→ DATASET RECORDS:
#####

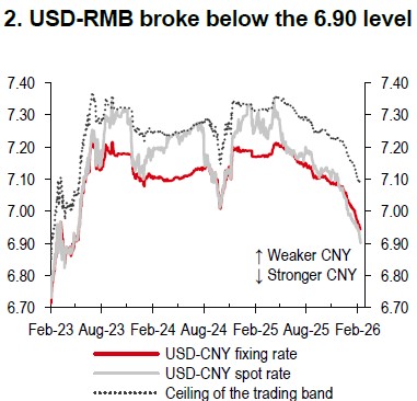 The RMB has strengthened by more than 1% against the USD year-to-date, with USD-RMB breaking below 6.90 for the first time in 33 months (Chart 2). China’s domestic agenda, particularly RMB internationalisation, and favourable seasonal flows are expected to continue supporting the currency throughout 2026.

#####

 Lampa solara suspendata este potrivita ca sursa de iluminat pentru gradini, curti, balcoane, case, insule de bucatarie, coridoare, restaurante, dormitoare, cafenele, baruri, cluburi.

#####

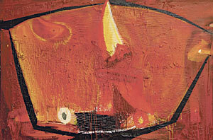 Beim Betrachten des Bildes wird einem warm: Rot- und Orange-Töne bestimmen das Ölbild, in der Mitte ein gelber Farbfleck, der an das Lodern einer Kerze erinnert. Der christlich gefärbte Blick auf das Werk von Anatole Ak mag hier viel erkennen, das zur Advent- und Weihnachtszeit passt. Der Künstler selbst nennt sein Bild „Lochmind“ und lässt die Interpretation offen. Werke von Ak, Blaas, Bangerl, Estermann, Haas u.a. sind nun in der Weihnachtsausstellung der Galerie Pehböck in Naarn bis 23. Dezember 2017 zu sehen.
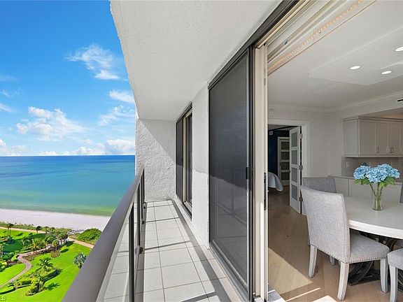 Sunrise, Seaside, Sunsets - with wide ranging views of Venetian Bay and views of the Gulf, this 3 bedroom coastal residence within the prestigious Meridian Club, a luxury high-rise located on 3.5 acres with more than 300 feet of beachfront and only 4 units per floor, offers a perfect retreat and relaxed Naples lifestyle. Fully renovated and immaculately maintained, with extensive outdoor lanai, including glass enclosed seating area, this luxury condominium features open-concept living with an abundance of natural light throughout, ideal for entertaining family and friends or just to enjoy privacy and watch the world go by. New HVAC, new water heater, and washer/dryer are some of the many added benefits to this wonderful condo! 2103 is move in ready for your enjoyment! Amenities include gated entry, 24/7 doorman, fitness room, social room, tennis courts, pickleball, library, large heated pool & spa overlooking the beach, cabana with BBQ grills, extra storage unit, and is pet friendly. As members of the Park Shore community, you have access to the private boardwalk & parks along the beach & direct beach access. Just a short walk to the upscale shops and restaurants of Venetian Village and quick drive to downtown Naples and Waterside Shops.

#####

→ YOUR ASSIGNMENT:
Each line above starting at the one holding "Beim Betrachten des" and ending at the one holding "Sunrise, Seaside, Sunsets" should be set down exactly as it stands, both ends included, with no pictures.

→ REPLY TO THE EXERCISE:
 Beim Betrachten des Bildes wird einem warm: Rot- und Orange-Töne bestimmen das Ölbild, in der Mitte ein gelber Farbfleck, der an das Lodern einer Kerze erinnert. Der christlich gefärbte Blick auf das Werk von Anatole Ak mag hier viel erkennen, das zur Advent- und Weihnachtszeit passt. Der Künstler selbst nennt sein Bild „Lochmind“ und lässt die Interpretation offen. Werke von Ak, Blaas, Bangerl, Estermann, Haas u.a. sind nun in der Weihnachtsausstellung der Galerie Pehböck in Naarn bis 23. Dezember 2017 zu sehen.
 Sunrise, Seaside, Sunsets - with wide ranging views of Venetian Bay and views of the Gulf, this 3 bedroom coastal residence within the prestigious Meridian Club, a luxury high-rise located on 3.5 acres with more than 300 feet of beachfront and only 4 units per floor, offers a perfect retreat and relaxed Naples lifestyle. Fully renovated and immaculately maintained, with extensive outdoor lanai, including glass enclosed seating area, this luxury condominium features open-concept living with an abundance of natural light throughout, ideal for entertaining family and friends or just to enjoy privacy and watch the world go by. New HVAC, new water heater, and washer/dryer are some of the many added benefits to this wonderful condo! 2103 is move in ready for your enjoyment! Amenities include gated entry, 24/7 doorman, fitness room, social room, tennis courts, pickleball, library, large heated pool & spa overlooking the beach, cabana with BBQ grills, extra storage unit, and is pet friendly. As members of the Park Shore community, you have access to the private boardwalk & parks along the beach & direct beach access. Just a short walk to the upscale shops and restaurants of Venetian Village and quick drive to downtown Naples and Waterside Shops.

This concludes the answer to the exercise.